# RECORDED DATA
○ ○ ○
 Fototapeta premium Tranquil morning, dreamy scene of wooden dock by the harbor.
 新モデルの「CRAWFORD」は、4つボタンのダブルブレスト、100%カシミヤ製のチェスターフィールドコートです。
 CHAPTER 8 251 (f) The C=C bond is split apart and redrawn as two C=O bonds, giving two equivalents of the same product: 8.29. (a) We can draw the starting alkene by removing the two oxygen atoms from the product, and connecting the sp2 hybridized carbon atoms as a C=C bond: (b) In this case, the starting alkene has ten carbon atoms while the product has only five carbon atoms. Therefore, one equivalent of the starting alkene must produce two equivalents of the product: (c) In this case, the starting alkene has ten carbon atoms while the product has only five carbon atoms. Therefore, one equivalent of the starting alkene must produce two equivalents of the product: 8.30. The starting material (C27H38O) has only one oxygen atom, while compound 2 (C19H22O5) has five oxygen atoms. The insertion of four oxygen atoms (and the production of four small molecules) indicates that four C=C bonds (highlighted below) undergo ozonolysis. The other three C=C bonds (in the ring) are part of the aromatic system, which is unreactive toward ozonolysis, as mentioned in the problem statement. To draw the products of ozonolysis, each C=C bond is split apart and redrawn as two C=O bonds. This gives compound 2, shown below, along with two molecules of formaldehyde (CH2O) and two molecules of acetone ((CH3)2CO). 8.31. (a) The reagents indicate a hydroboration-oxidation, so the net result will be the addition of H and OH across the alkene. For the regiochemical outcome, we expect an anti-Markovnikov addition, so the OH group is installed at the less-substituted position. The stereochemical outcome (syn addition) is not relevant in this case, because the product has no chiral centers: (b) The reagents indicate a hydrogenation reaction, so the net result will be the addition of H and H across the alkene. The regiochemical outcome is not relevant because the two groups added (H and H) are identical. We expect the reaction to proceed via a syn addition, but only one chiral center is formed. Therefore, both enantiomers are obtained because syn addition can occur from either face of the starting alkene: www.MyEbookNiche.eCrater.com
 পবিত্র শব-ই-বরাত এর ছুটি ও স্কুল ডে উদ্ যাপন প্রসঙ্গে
○ ○ ○
# ABOUT THIS TASK
Copy out the data above, word for word.

# RESULT
 Fototapeta premium Tranquil morning, dreamy scene of wooden dock by the harbor.
 新モデルの「CRAWFORD」は、4つボタンのダブルブレスト、100%カシミヤ製のチェスターフィールドコートです。
 CHAPTER 8 251 (f) The C=C bond is split apart and redrawn as two C=O bonds, giving two equivalents of the same product: 8.29. (a) We can draw the starting alkene by removing the two oxygen atoms from the product, and connecting the sp2 hybridized carbon atoms as a C=C bond: (b) In this case, the starting alkene has ten carbon atoms while the product has only five carbon atoms. Therefore, one equivalent of the starting alkene must produce two equivalents of the product: (c) In this case, the starting alkene has ten carbon atoms while the product has only five carbon atoms. Therefore, one equivalent of the starting alkene must produce two equivalents of the product: 8.30. The starting material (C27H38O) has only one oxygen atom, while compound 2 (C19H22O5) has five oxygen atoms. The insertion of four oxygen atoms (and the production of four small molecules) indicates that four C=C bonds (highlighted below) undergo ozonolysis. The other three C=C bonds (in the ring) are part of the aromatic system, which is unreactive toward ozonolysis, as mentioned in the problem statement. To draw the products of ozonolysis, each C=C bond is split apart and redrawn as two C=O bonds. This gives compound 2, shown below, along with two molecules of formaldehyde (CH2O) and two molecules of acetone ((CH3)2CO). 8.31. (a) The reagents indicate a hydroboration-oxidation, so the net result will be the addition of H and OH across the alkene. For the regiochemical outcome, we expect an anti-Markovnikov addition, so the OH group is installed at the less-substituted position. The stereochemical outcome (syn addition) is not relevant in this case, because the product has no chiral centers: (b) The reagents indicate a hydrogenation reaction, so the net result will be the addition of H and H across the alkene. The regiochemical outcome is not relevant because the two groups added (H and H) are identical. We expect the reaction to proceed via a syn addition, but only one chiral center is formed. Therefore, both enantiomers are obtained because syn addition can occur from either face of the starting alkene: www.MyEbookNiche.eCrater.com
 পবিত্র শব-ই-বরাত এর ছুটি ও স্কুল ডে উদ্ যাপন প্রসঙ্গে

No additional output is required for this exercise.